Small business financing
You can usually get small business financing from a bank and this is the first step that most businesses take when they need money. Small business owners are required to submit an application to the bank after which the bank will examine a number of factors which include their business history, credit history and the collateral they can put up. If you are approved for the loan you will receive the lump sum amount you applied for accompanied in most cases by a fixed repayment installment which needs to be paid on time or you will incur penalties. The process of getting business financing can take weeks if not months.
This type of business financing is usually best for businesses that have predictable monthly sales. The business owner should also have the ability to put up collateral and have a strong credit history. You also shouldn't be in a hurry to get the loan because if you are then this is probably not the best option.
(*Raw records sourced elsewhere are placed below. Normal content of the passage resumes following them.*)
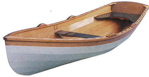
■ திரிப னாது ( பிலிமி ஈலி பிலி ) Fishing vessels ( Different types of wood ) மீன்பிடி கலன்கள்
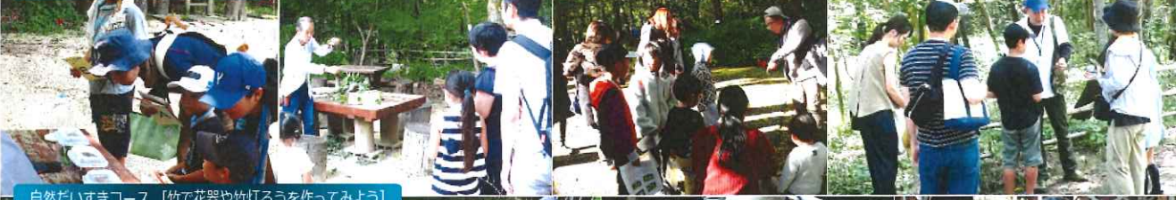
自然だいすきコース [竹で花器や竹灯ろうを作ってみよう]
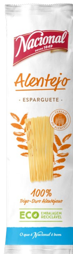
ESPARGUETE ALENTEJO ECO SPAGHETTI ALENTEJO ECO
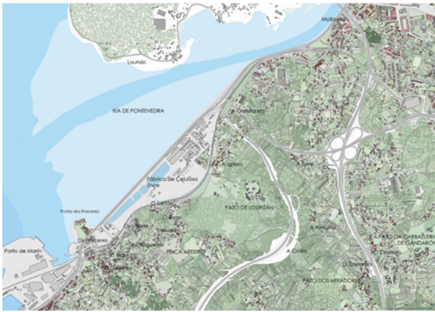
Plano de situación e estado actual do ámbito de Lourizán na ría de Pontevedra · Jorge Rodríguez
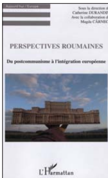
Coll. Aujourd'hui l'Europe Editions L'Harmattan 304 p. - 25,50 €
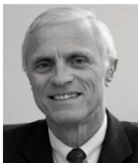
Bernard Boucault Directeur de l'École nationale d'administration

hypothético-déductive. C'est l'occasion de les sensibiliser à la nécessité de « penser par analogie » en confrontant différents paradigmes. En initiant ce partenariat, l'École de guerre, a voulu contribuer à la construction d'une France qui gagne, par un travail collectif des élèves de trois écoles prestigieuses sur des problématiques intéressant l'avenir du pays.
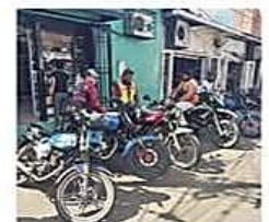
El sector local afirman que se está cumpliendo con la compensación

Los mototaxistas del Norte Integrado descartan sumarse al bloqueo que anuncian sus pares de la capital cruceña por la gasolina en mal estado NEGOCIOS PÁG 5
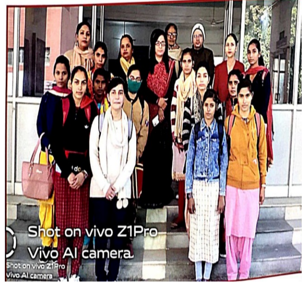
Shot on vivo Z1Pro Vivo AI camera

आयोजक सूचना 11-11-2020 महाविद्यालय के सभी विद्यार्थियों को सूचित किया जाता है कि हिन्दी साहित्य परिषद की ओर से दिनांक 17-11-2020 को आयोजित किया जाएगा (Online Mode) के विद्यार्थियों के विषय निम्नलिखित हैं:- 1. वैयक्तिक और विज्ञान। 2. समाज का महत्व। H. Mahajan विभागाध्यक्ष
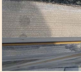
Upotusliuos ei pääse kaikkialle
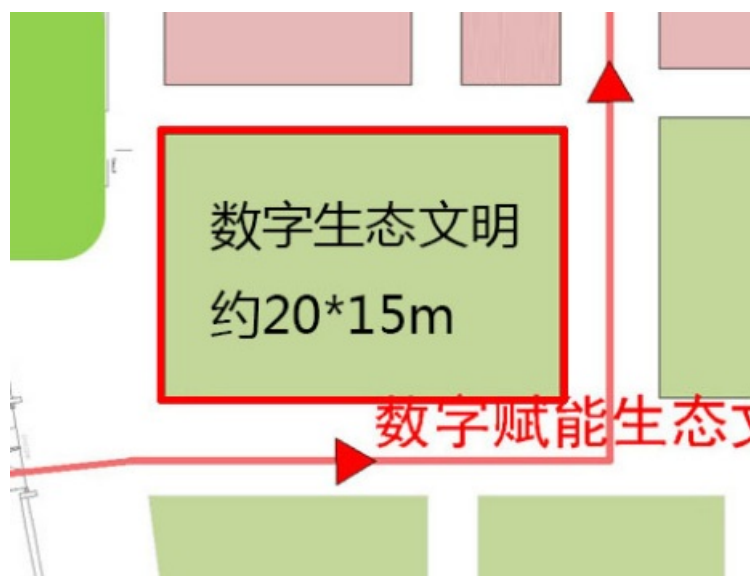
参考位置、面积、参观路线（仅供投标方案参考）
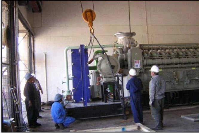
عمال يقومون بصف المبرد الزيتي للمولد الجديد .

تتضمن مشاريع الوكالة الامريكية للتنمية الدولية اعادة الطاقة الكهربائية الى المنازل والمباني العامة والشركات والتي تعتبر خطوة حرجة في اعادة تأسيس جميع ظواهر الحياة الى المجتمع العراقي والذي يتطلبه النمو الاقتصادي المستديم بعد عقود من التشغيل بدون صيانة منتظمة والتي أدت الى تأخير وصول الطاقة الكهربائية في العراق .
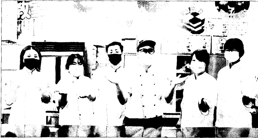
↑台首大的烘焙教室成為製作影片的地點，並由教職員擔綱演出影片內容，期貼近年輕學子的心。
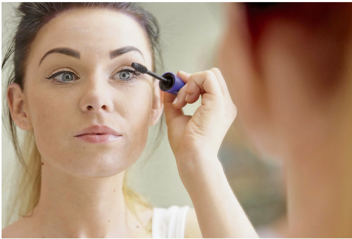
Perfekter Schwung ohne Klümpchen: Zickzack-Bewegungen nach oben verteilen die Wimperntusche gleichmäßig.

Ein häufiger Fehler ist das Auftragen einer zu dicken Schicht Mascara. Besser ist es, die Farbe in mehreren dünnen Schichten aufzubauen. So lässt sich die Klümpchenbildung vermeiden und die Wimpern wirken definierter. Besonders wichtig ist laut Wythe, dass die Farbe nicht nur von unten, sondern auch von oben aufgetragen wird, um helle Wimpern-
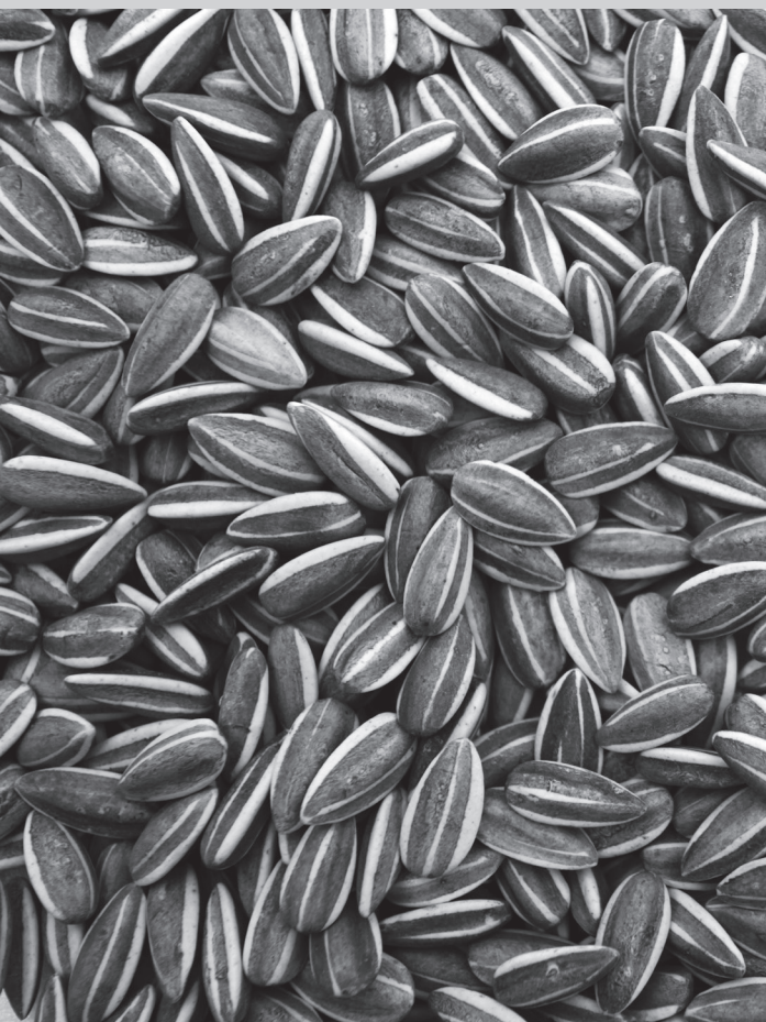
《葵花籽》( Sunflower Seeds ), 2010 陶瓷與釉料, 一億顆

Vendor financing allows business owners to get up to around $150,000 if they are an accredited distributor, vendor, manufacturer or a reseller of equipment. Unlike a regular business loan this is based a lot on your own personal history as well as your business history but you do not need to have perfect credit to avail this type of financing. This loan does not require extensive paperwork or a list of your clients. All you need to do is to show proof that you are an accredited vendor, and your credit history. That being said many companies reserve the right to ask for more documentation to ensure that they know everything about your business prior to approving the loan.
Vendor financing is great for small businesses whose business varies each month and for business owners who do not have perfect credit and zero collateral to put forward. The money can be used to increase inventory and venture into new markets. However, these types of loans have a higher than usual interest rate associated with them primarily because they are unsecured loans.